Critical Thinking in Data Analysis

  • Always be critical, cautious, and compassionate when analyzing data.

Topic 2.5 (Continued): Correlation vs. Causation

Distinguishing Correlation and Causation

  • Correlation: Simply means two variables are associated; they tend to move together in a predictable way.

  • Causation: Means that one variable directly causes a change in another variable.

  • Fundamental Concept: Correlation does not equal causation. Just because two variables are strongly correlated does not mean one causes the other.

Alternative Explanations and Confounding Variables

  • Example: Attendance Initiatives Revisited: Despite a strong positive correlation between attendance and test scores, school initiatives to raise attendance (e.g., calling programs, attendance managers, ride-sharing) failed to boost test scores. Attendance rose, but scores stayed flat.

  • Causal Chain Hypothesis: School leaders initially hypothesized: Poverty --> Low Attendance --> Low Test Scores. If Low Attendance is fixed, Low Test Scores should improve.

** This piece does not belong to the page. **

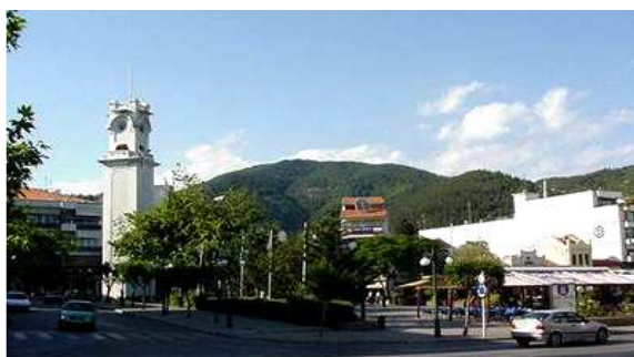
Φωτ. 1 Λεζάντα φωτογραφίας Arial 10pt πλάγια

Για καλύτερη επεξεργασία και μεταφορά των σχημάτων, εικόνων και φωτογραφιών κατά την εκτύπωση να προτιμηθεί *.jpeg format.

  • Alternative Explanation: The true causal chain might be more complex, involving confounding variables. Poverty could cause multiple factors that truly lead to low test scores, independent of attendance:

    • Hunger and lack of nutrition.

    • Zoning to worse-resourced schools.

    • Reduced study time due to working to support family or caring for family members.

  • Implication: Fixing attendance alone does not address these underlying issues, so test scores remain unchanged.

Coincidental Correlations

  • Sometimes, strong correlations can be purely coincidental, with no logical link or a hidden common cause.

  • Example: Divorce rate in Maine and per capita consumption of margarine show a strong positive correlation. This is clearly coincidental and does not imply any causal relationship.

Inferences from Correlated Data

  • When strong correlations are observed, it's crucial to investigate potential underlying causal mechanisms rather than assuming direct causation. Causal inference techniques (covered in later topics) are needed to establish causation.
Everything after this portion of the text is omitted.